◆ Exercise input:

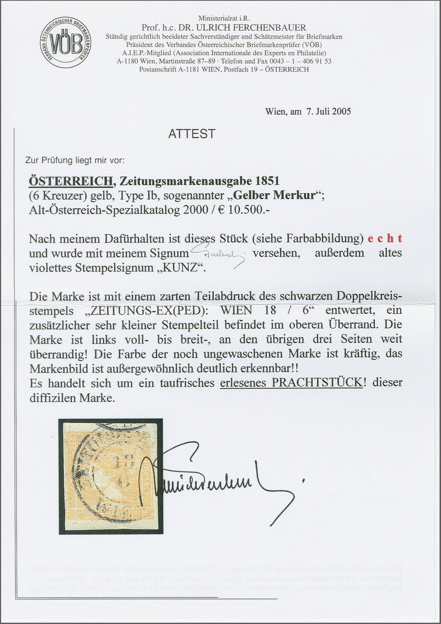 Zeitungsmarke Gelber Merkur (6 Kr.) Type Ib in kräftiger Farbe und mit deutlich erkennbarem Markenbild, links vollrandig, sonst überrandig, zentr. entw. „ZEITUNGS-EX(PED): WIEN 18 / 6". Ein erlesenes Prachtstück dieser
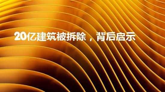 最近,一座价值20亿的建筑被拆除,这背后启示千载!这件事引起了人们的关注,一些人认为这是对资源的浪费,另一些人认为这是顺应市场调整的自然结果。本文作者作为一名拆除行业专家,从多方面对这座建筑被拆除的原因和意义进行了深入的探讨。
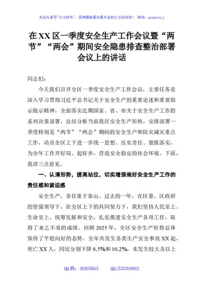 / 在XX区一季度安全生产工作会议暨“两节”“两会”期间安全隐患排查整治部署会议上的讲话
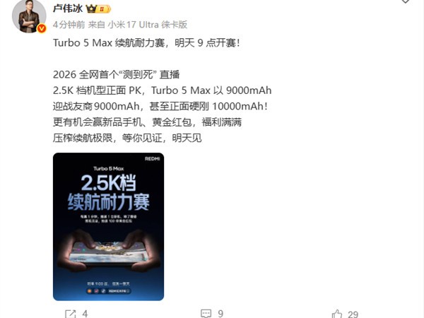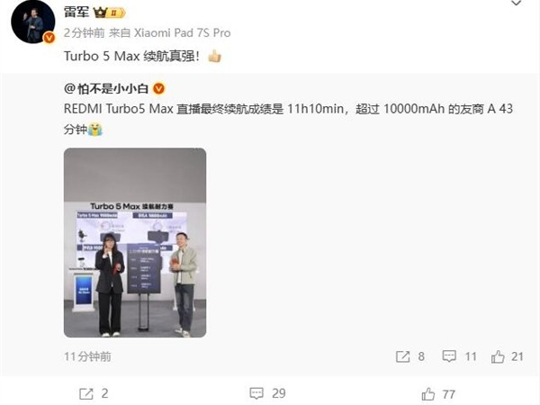 Redmi Turbo5 Max续航实测:9000mAh电池超长待机11小时10分
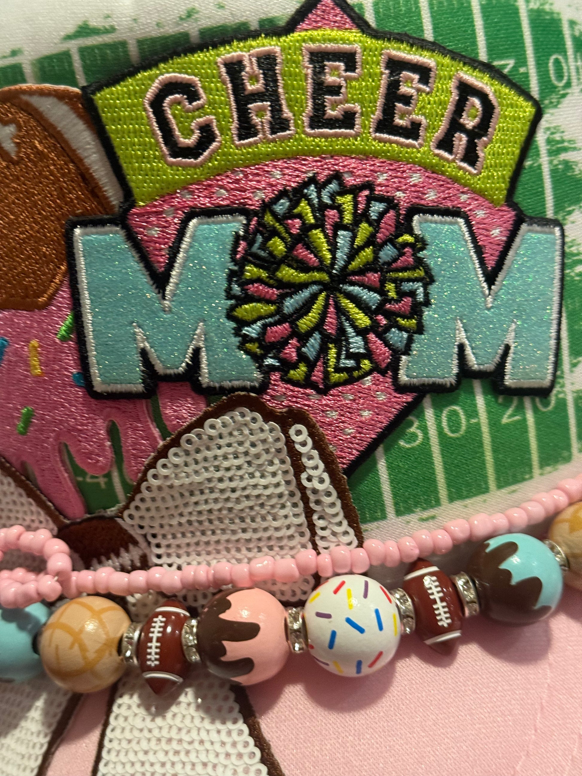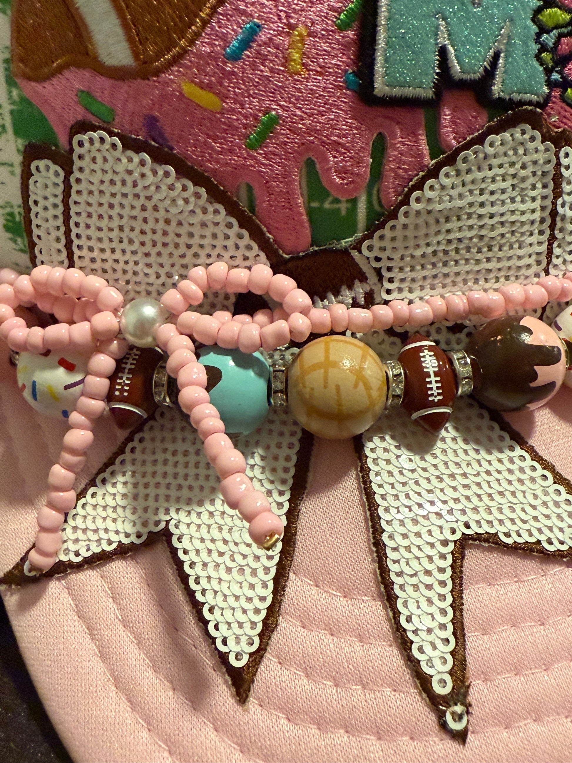 Game day just got a whole lot sweeter đŚđâ¨. This pink and white trucker hat is serving football meets fun with a sprinkle-dipped football patch, bold cheer mom patch with a white sequin bow for that extra attitude. Topped off with a custom beaded drip football chain, and a second pink bow bead chainâbecause why shouldnât your hat be as fun as your tailgate snacks?Â
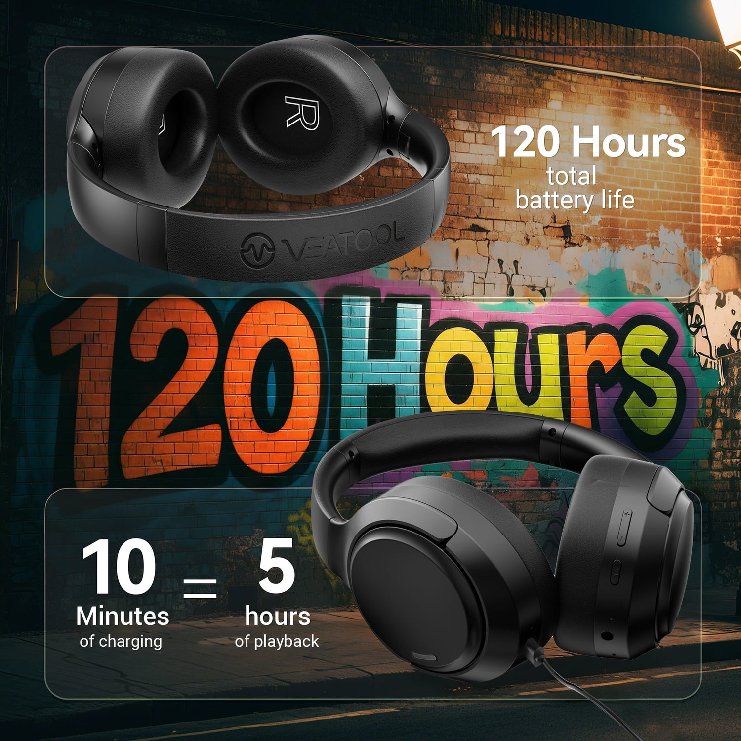 - 【Uninterrupted Battery Life & Wired Mode】 : Never run out of battery with up to 120 hours of continuous playback on a single charge. The over ear headphones deliver near-zero latency for lossless audio quality. When the battery runs low, just 10 minutes of fast charging gives you 5 hours of playback. AUX mode eliminates bluetooth limitations, for users who prefer a wired experience. Ideal for extended work and entertainment sessions.
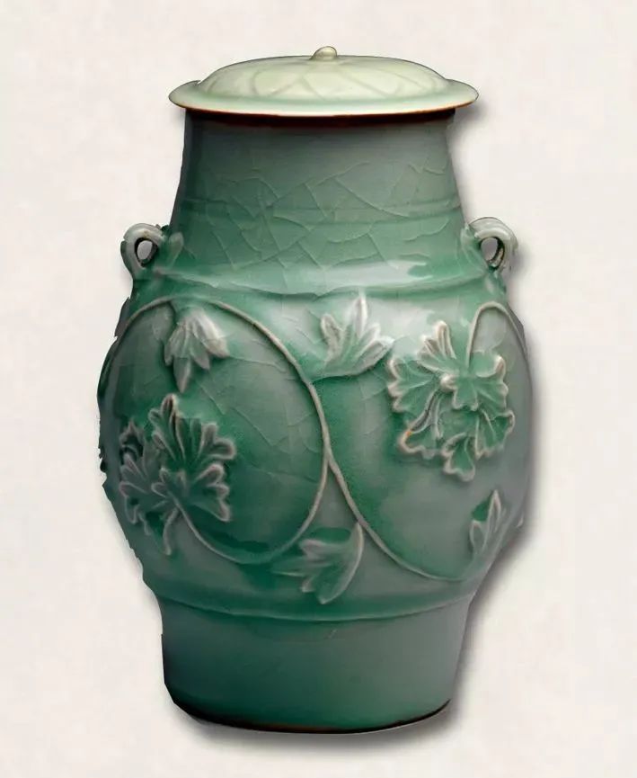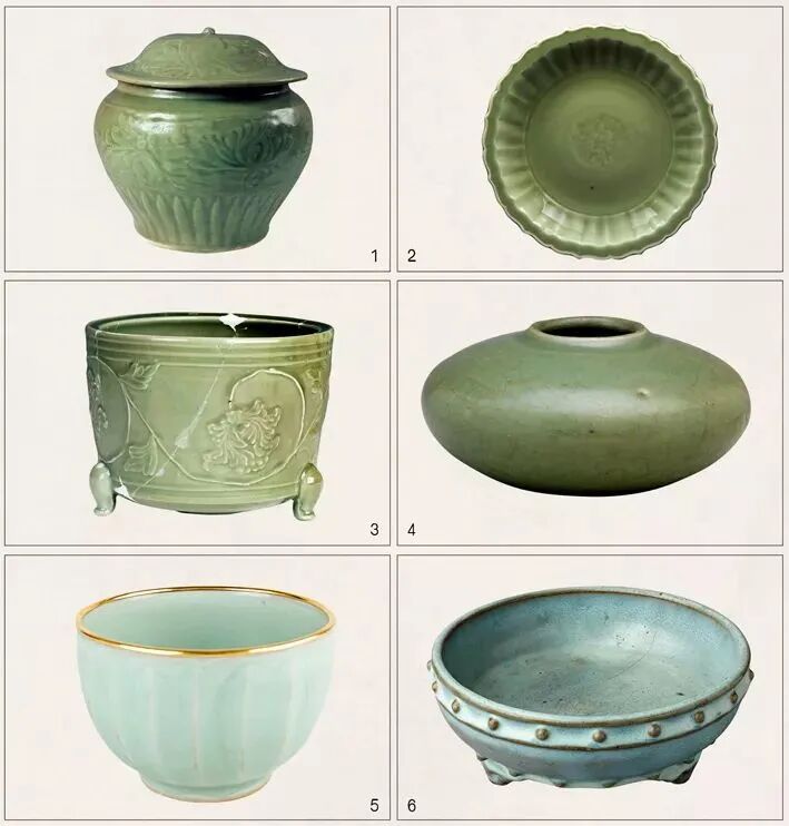 龙泉窑历经南宋时期的崛起以后,在元代迎来发展的又一个高峰,进入14世纪,龙泉窑的产品风格基本定型,以单一的青瓷为基调,变化不同的装饰方法,形成商品化的大宗生产模式。产量剧增,尤其是生活用瓷数量激增,烧造工艺更加复杂,大型器物多见。龙泉窑青瓷刻莲花纹盖坛,元(图1)。龙泉窑青瓷盘,元(图2)。青釉缠枝牡丹纹奁式炉(图3)。龙泉窑青瓷罐,宋(图4)。龙泉窑青瓷碗,宋(图5)。龙泉窑青瓷花盆,南宋-元(图6)。
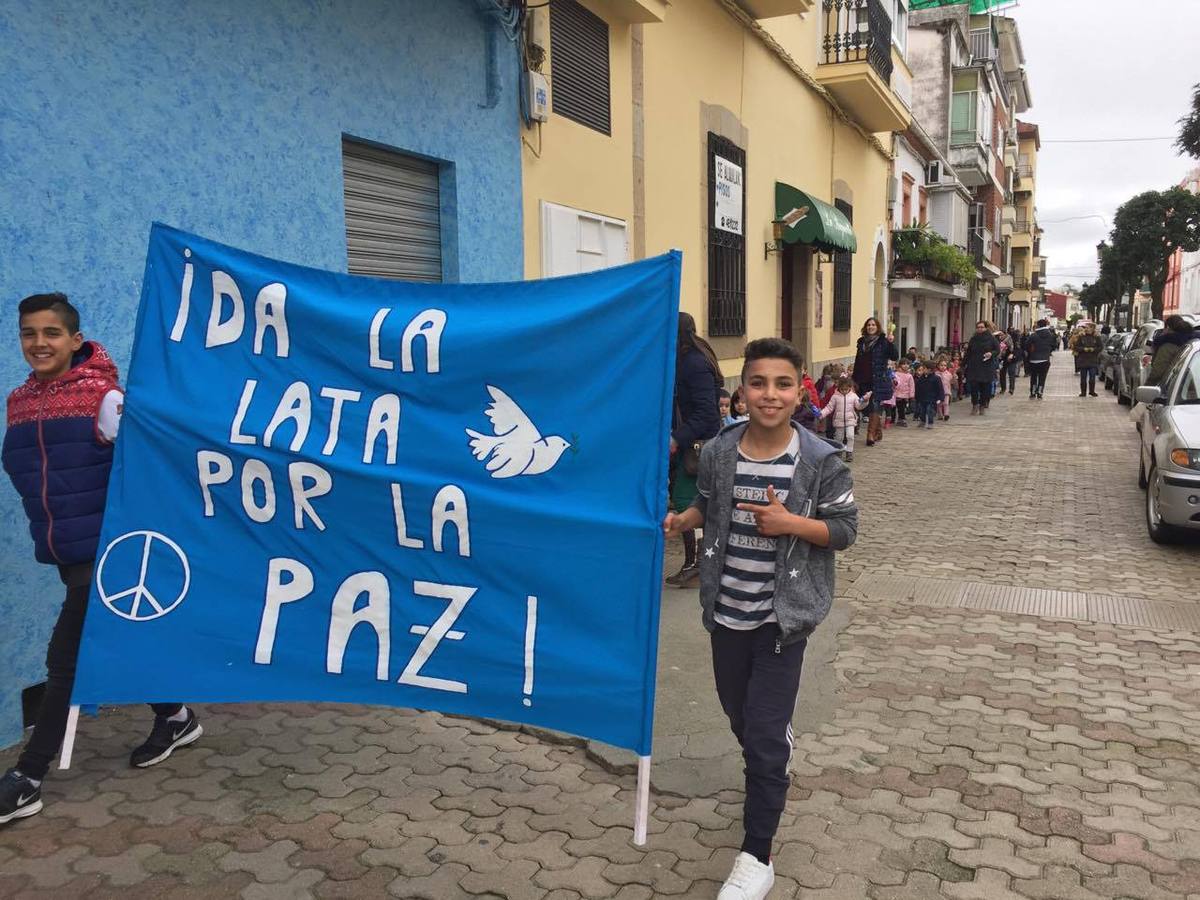 Esta mañana, por este motivo, ha tenido lugar una marcha desde el colegio hasta la avenida de Yuste, encabezada por una pancarta con el lema de esta jornada. Hemos ido desde el centro hasta la calle nueva haciendo ruido con latas y entregando mensajes de paz, han indicado desde el Ejido.
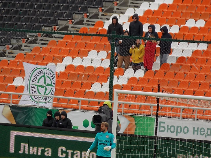 Отчетный матч собрал весьма скромную зрительскую аудиторию. И виной тому погода, это действительно так. Собираясь на стадион, я достал из шкафа убранный на полгода (как мне ранее казалось) теплый пуховик. И даже он вкупе со свитером не спасал от адского северного ветра, который ставил флаги стоймя и гнул флагштоки лежмя. А на улице +1, плюс пролетающие "белые мухи". Кто пришел - всем респект!
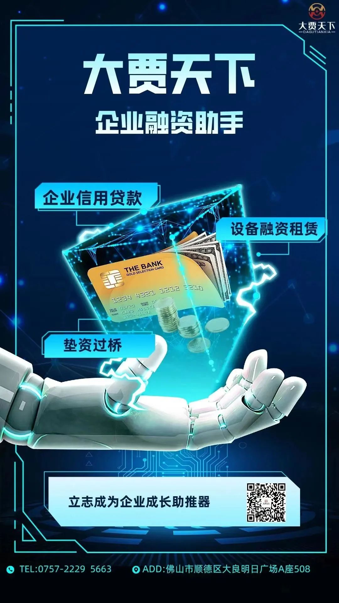 大贾天下作为助力中小微企业发展的管理机构,秉承互利共赢的工作态度,在为广大客户提供专业企业融资咨询服务,同时不断会为全网用户提供各类投融资、行业情况、法律法规等最新资讯信息。
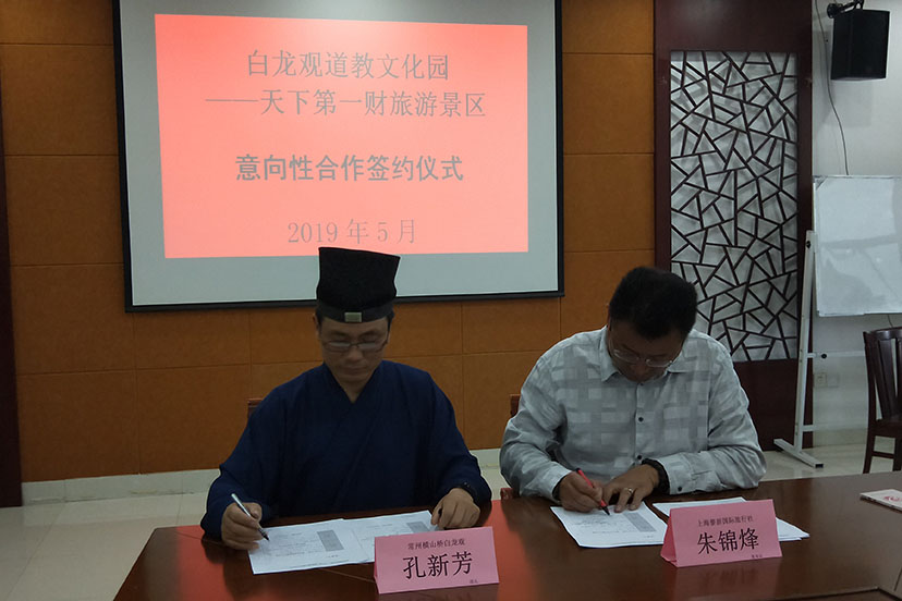 座谈会上,45家旅行社的部分代表还就白龙观后期的宗教文化旅游开发等事宜,与白龙观签订了“白龙观道教文化园旅游景区意向性合作协议”,以更好地推动白龙观在上海的知名度。
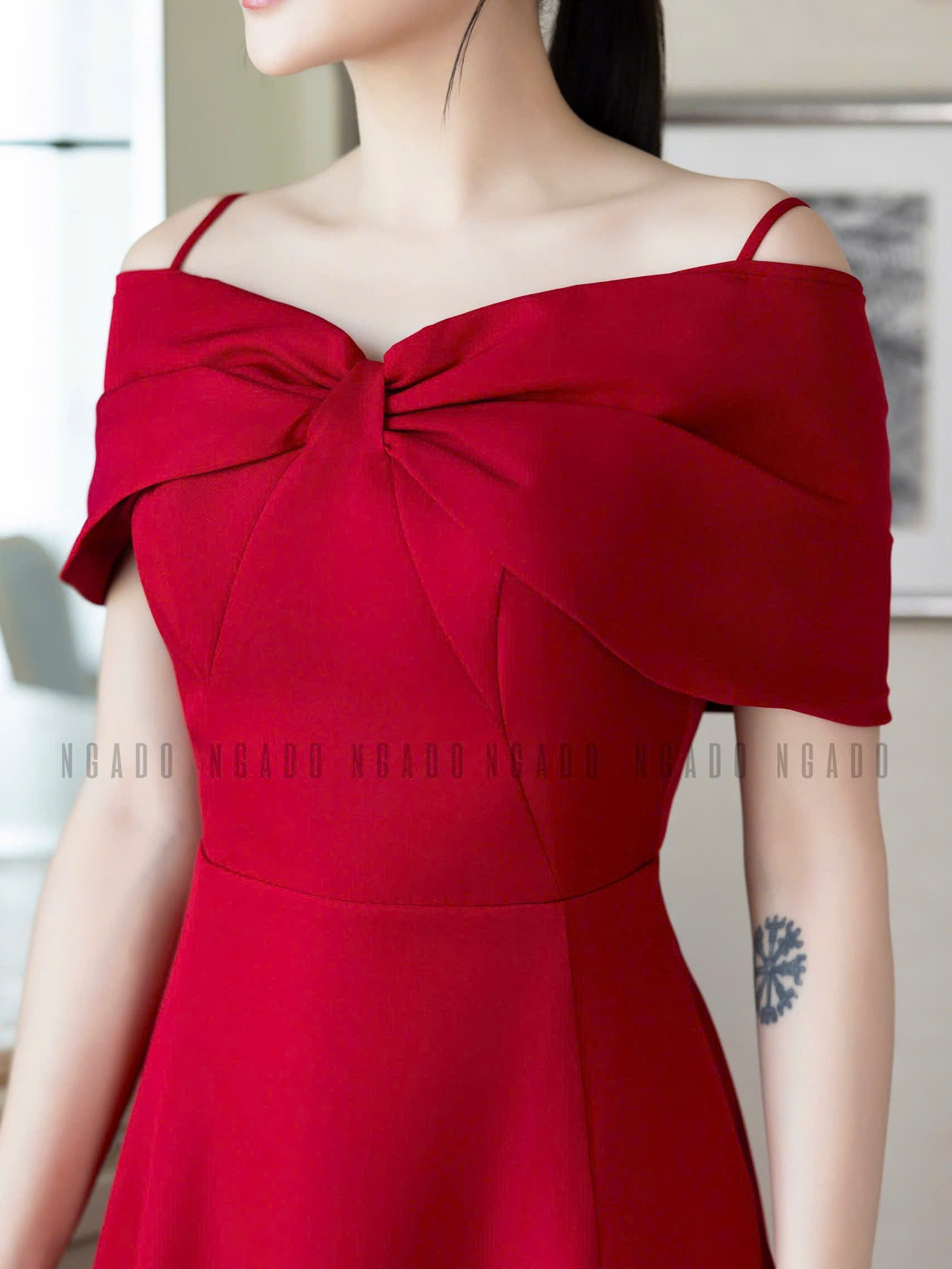 ✨Đầm đỏ bẹt vai NGADO , đầm xòe dáng dài , đầm dự tiệc

◆ Problem to solve:
Copy exactly the lines that run from the line containing "大贾天下作为助力中小微企业发" to the end of the data above, keeping both end lines and leaving out all pictures.

◆ Solution for this exercise:
 大贾天下作为助力中小微企业发展的管理机构,秉承互利共赢的工作态度,在为广大客户提供专业企业融资咨询服务,同时不断会为全网用户提供各类投融资、行业情况、法律法规等最新资讯信息。
 座谈会上,45家旅行社的部分代表还就白龙观后期的宗教文化旅游开发等事宜,与白龙观签订了“白龙观道教文化园旅游景区意向性合作协议”,以更好地推动白龙观在上海的知名度。
 ✨Đầm đỏ bẹt vai NGADO , đầm xòe dáng dài , đầm dự tiệc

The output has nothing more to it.